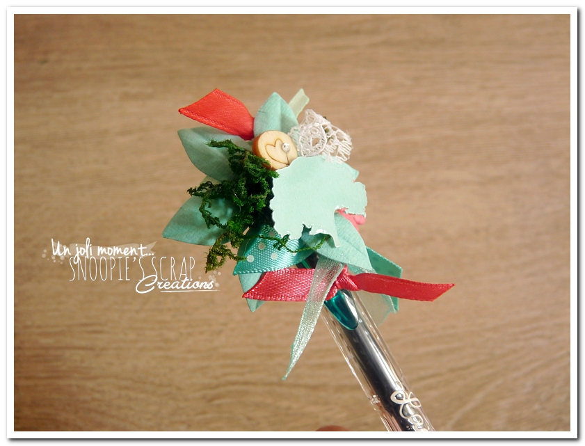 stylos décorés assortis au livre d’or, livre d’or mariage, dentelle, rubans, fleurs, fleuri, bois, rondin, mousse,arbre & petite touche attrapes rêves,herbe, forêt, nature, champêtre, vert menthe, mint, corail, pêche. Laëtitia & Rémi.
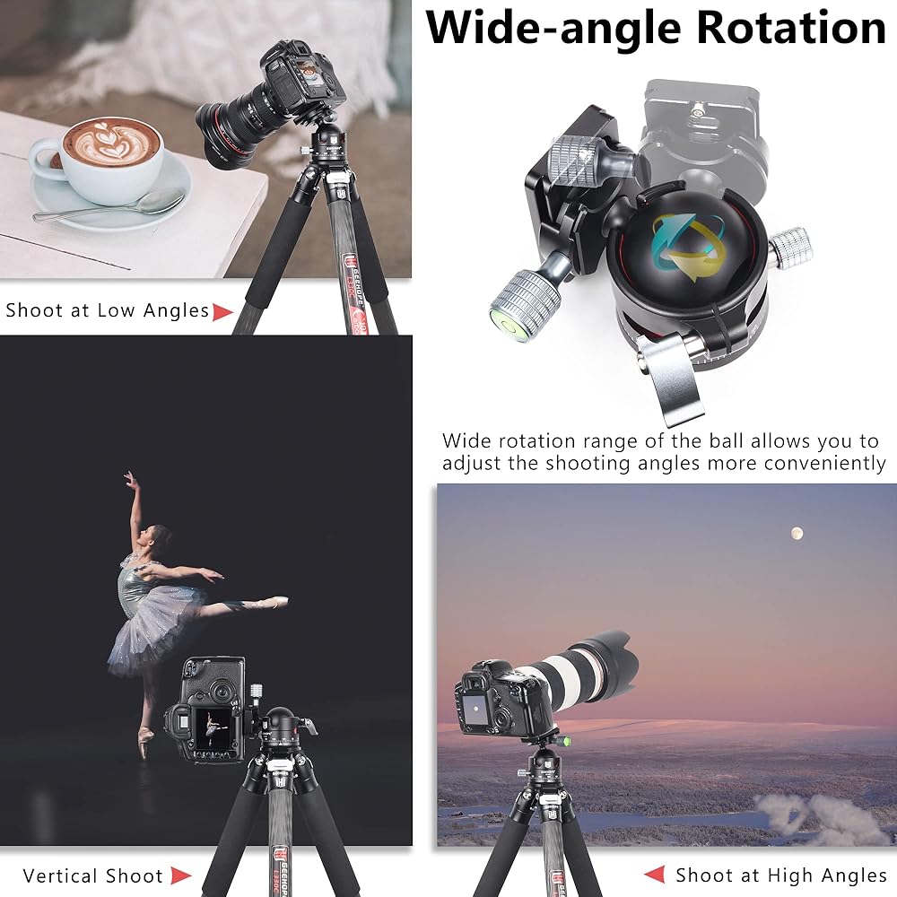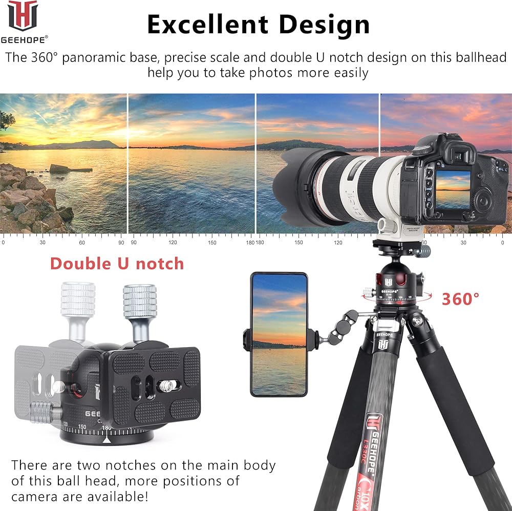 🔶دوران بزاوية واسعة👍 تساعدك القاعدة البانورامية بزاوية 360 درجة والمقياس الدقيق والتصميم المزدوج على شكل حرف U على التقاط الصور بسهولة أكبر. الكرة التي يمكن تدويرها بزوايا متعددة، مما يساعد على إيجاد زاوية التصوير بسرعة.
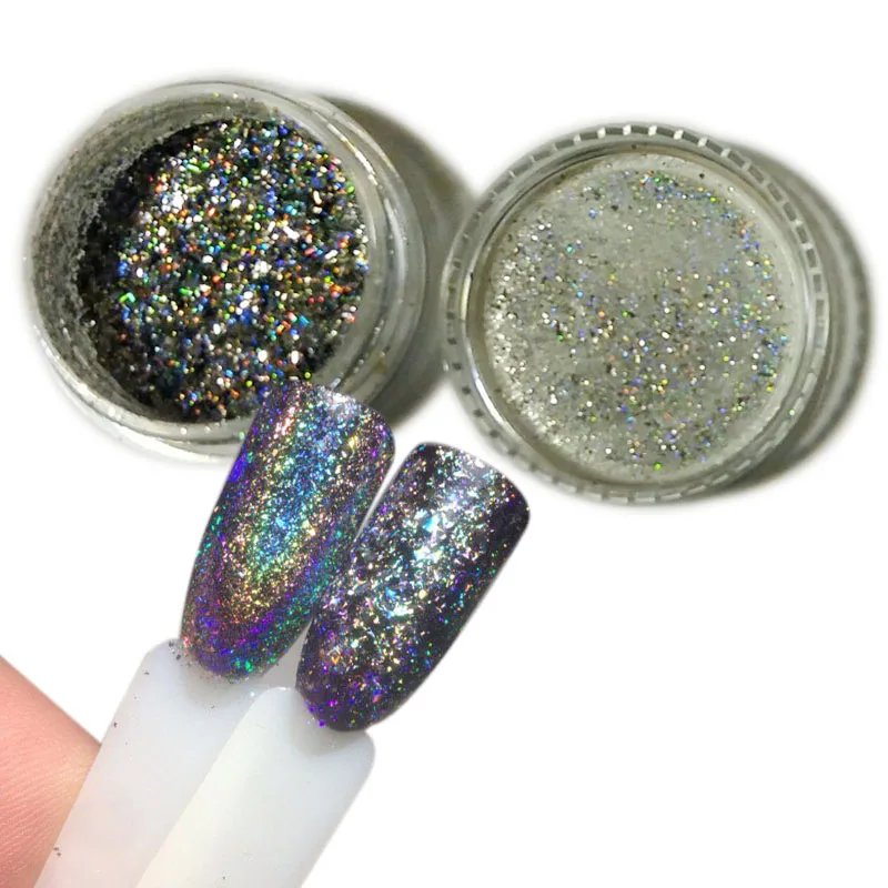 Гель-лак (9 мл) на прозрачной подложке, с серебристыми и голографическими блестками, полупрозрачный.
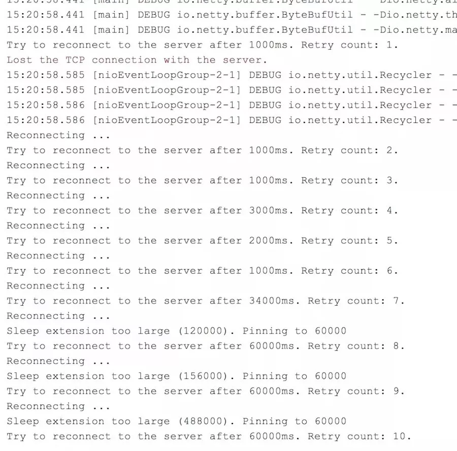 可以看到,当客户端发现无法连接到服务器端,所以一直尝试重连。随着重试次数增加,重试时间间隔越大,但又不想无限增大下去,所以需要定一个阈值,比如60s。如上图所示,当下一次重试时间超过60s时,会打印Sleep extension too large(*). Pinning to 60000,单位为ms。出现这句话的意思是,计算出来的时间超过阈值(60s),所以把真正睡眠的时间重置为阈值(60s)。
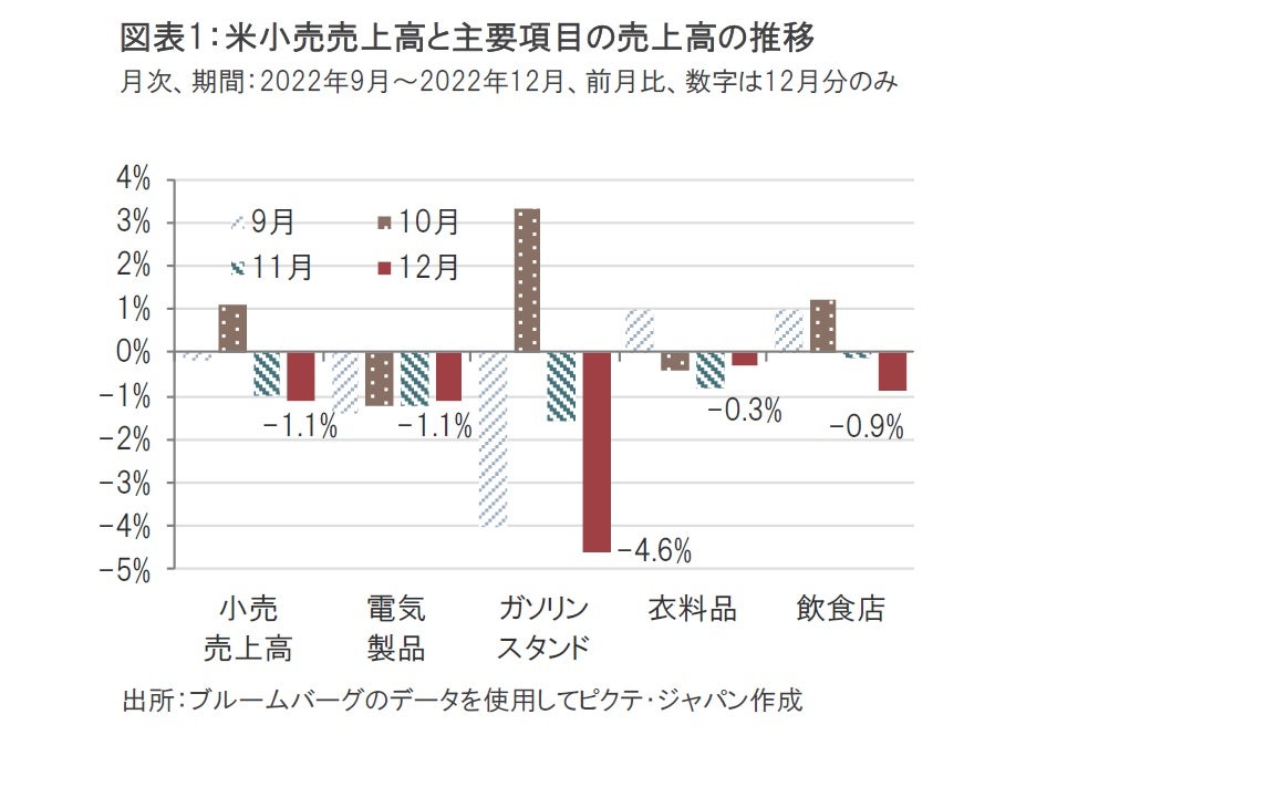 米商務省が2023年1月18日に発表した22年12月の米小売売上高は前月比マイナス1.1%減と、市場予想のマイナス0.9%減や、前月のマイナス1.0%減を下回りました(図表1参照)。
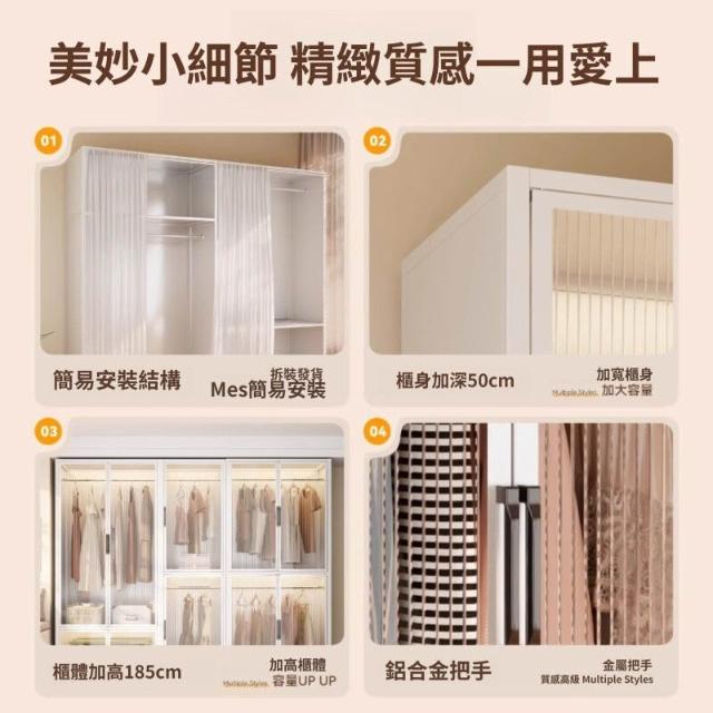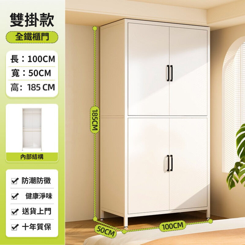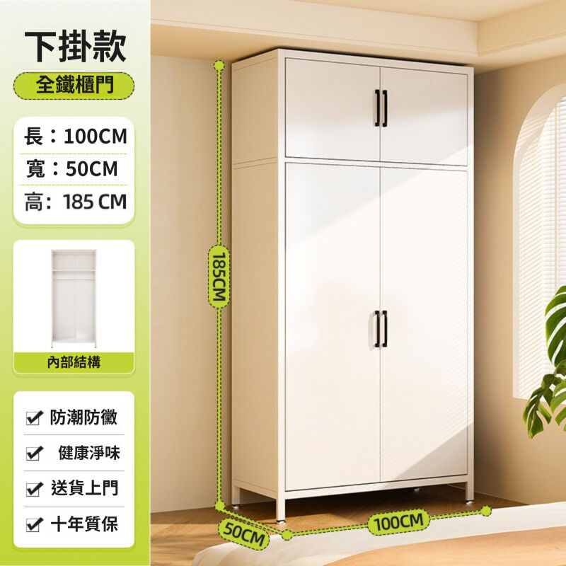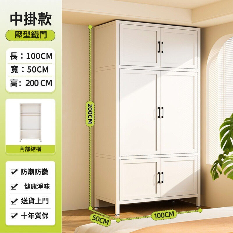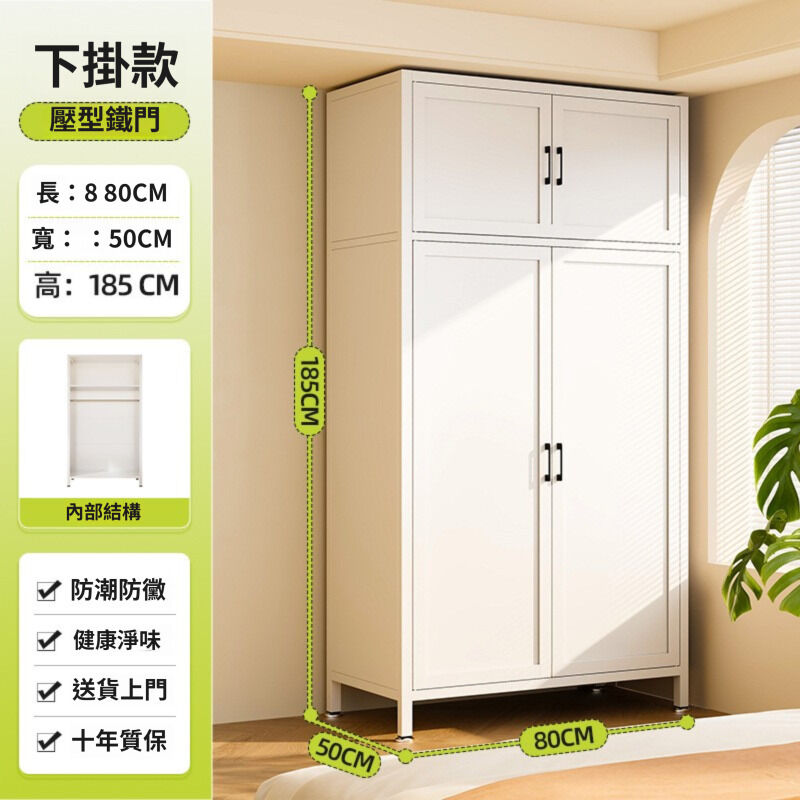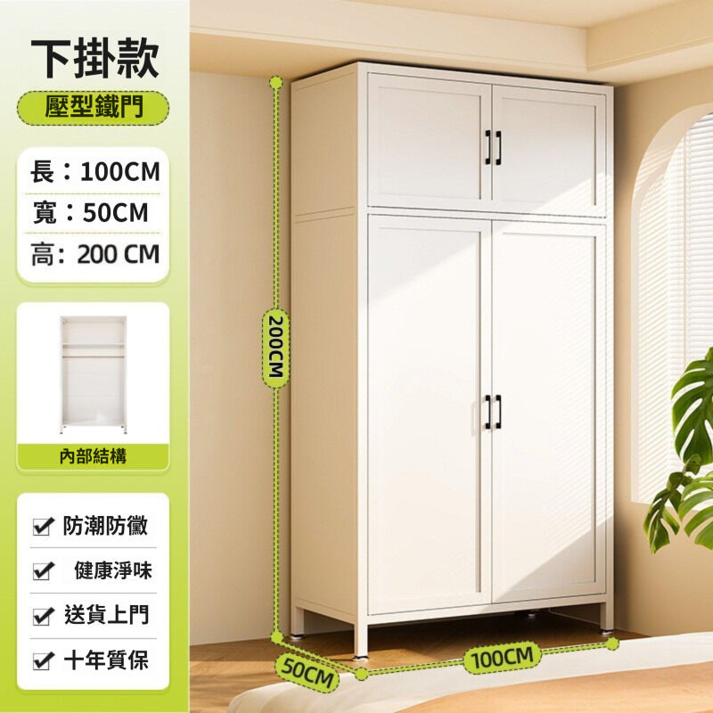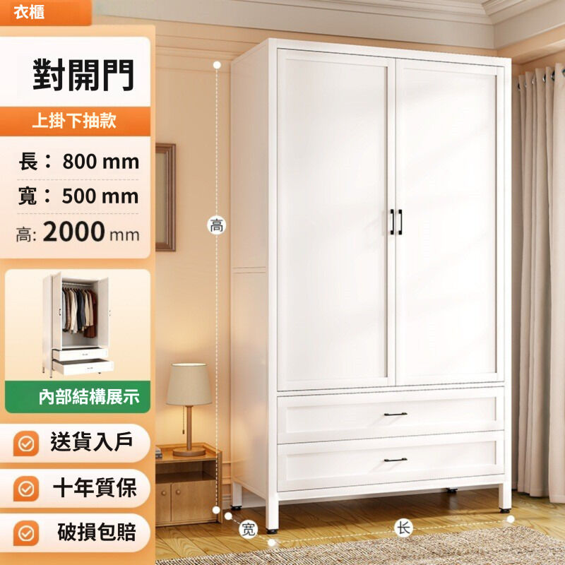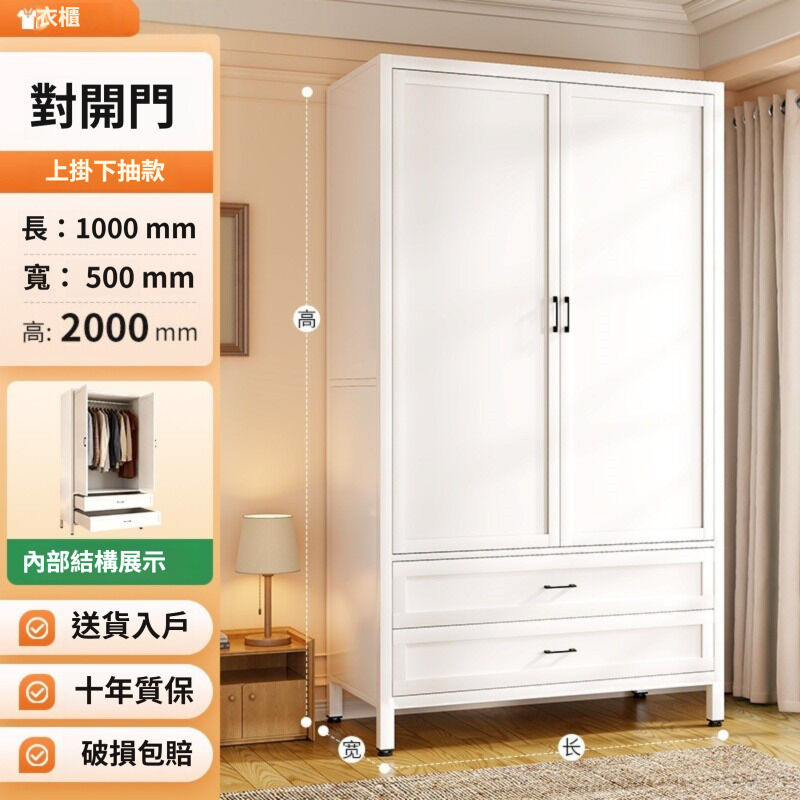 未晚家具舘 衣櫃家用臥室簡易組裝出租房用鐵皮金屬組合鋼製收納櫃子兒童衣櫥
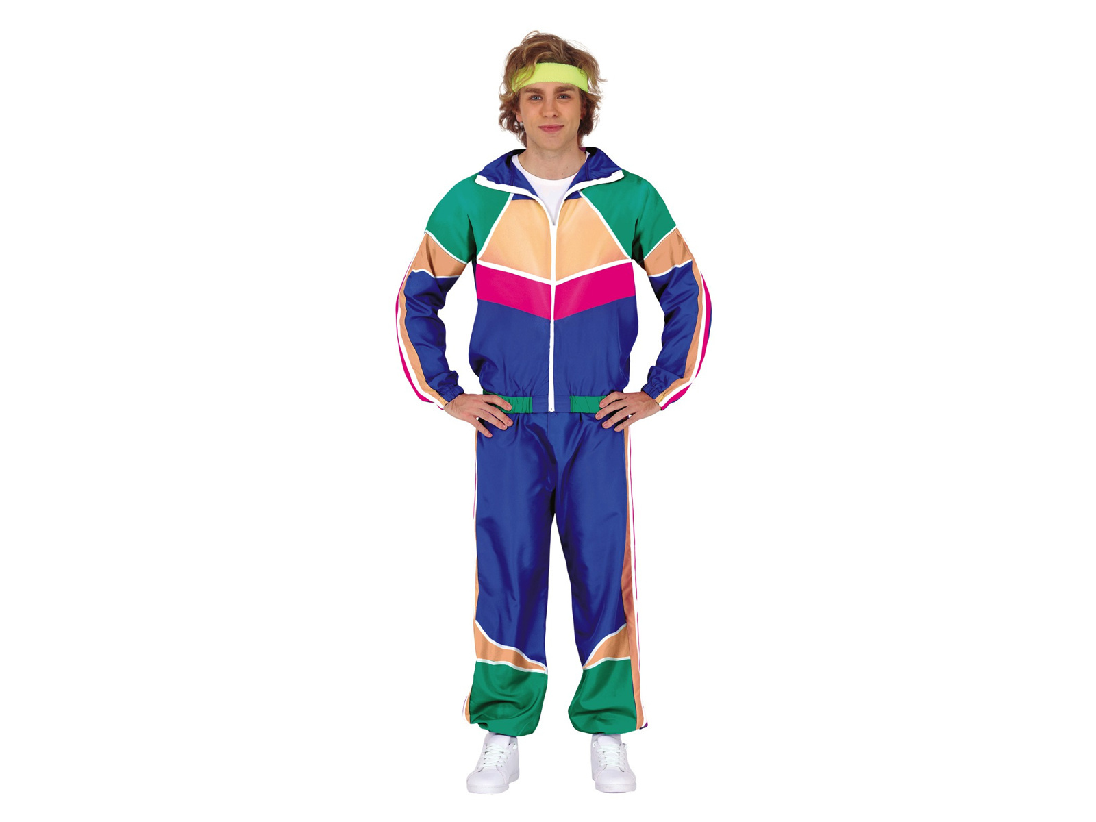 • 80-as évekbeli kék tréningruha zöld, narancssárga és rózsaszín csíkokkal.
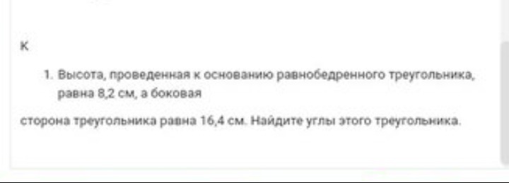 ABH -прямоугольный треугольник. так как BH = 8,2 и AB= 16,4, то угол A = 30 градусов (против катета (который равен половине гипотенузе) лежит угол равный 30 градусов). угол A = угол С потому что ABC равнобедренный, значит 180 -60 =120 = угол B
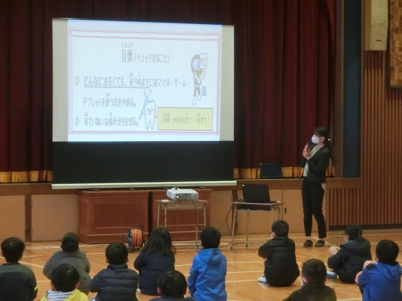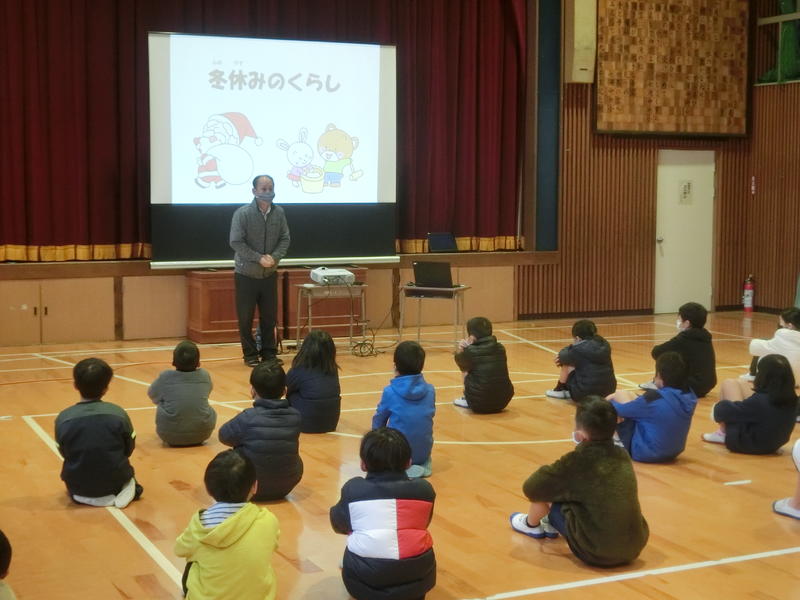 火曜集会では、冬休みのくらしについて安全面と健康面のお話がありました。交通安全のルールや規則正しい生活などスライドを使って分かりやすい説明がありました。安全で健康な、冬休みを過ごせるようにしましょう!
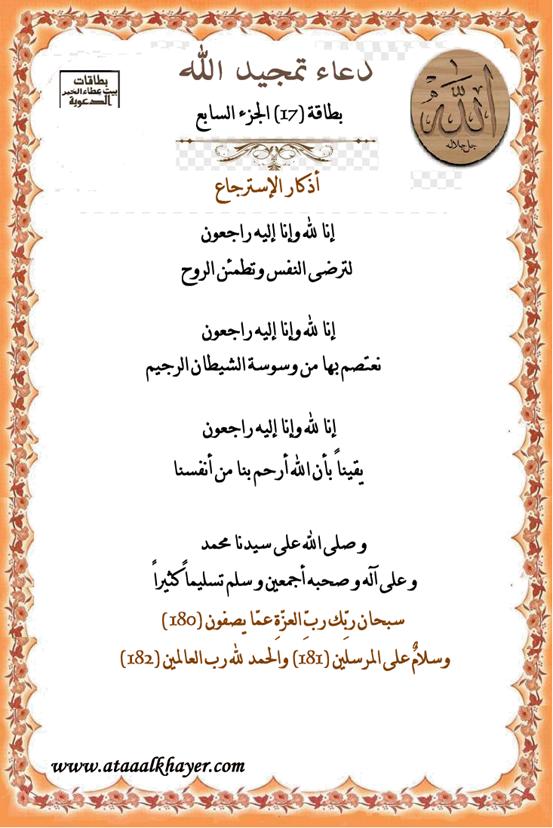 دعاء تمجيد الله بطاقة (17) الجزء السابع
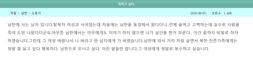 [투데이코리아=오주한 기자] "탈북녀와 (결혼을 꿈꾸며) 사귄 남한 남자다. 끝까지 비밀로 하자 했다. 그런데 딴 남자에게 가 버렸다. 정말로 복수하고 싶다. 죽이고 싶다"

════════

-- ASSIGNED TASK --
The expected output is an exact copy of the lines from the one with "ABH -прямоугольный треугольник." to the final line of the entries above, pictures excepted; please include both ends.

-- REPLY TO THE EXERCISE --
 ABH -прямоугольный треугольник. так как BH = 8,2 и AB= 16,4, то угол A = 30 градусов (против катета (который равен половине гипотенузе) лежит угол равный 30 градусов). угол A = угол С потому что ABC равнобедренный, значит 180 -60 =120 = угол B
 火曜集会では、冬休みのくらしについて安全面と健康面のお話がありました。交通安全のルールや規則正しい生活などスライドを使って分かりやすい説明がありました。安全で健康な、冬休みを過ごせるようにしましょう!
 دعاء تمجيد الله بطاقة (17) الجزء السابع
 [투데이코리아=오주한 기자] "탈북녀와 (결혼을 꿈꾸며) 사귄 남한 남자다. 끝까지 비밀로 하자 했다. 그런데 딴 남자에게 가 버렸다. 정말로 복수하고 싶다. 죽이고 싶다"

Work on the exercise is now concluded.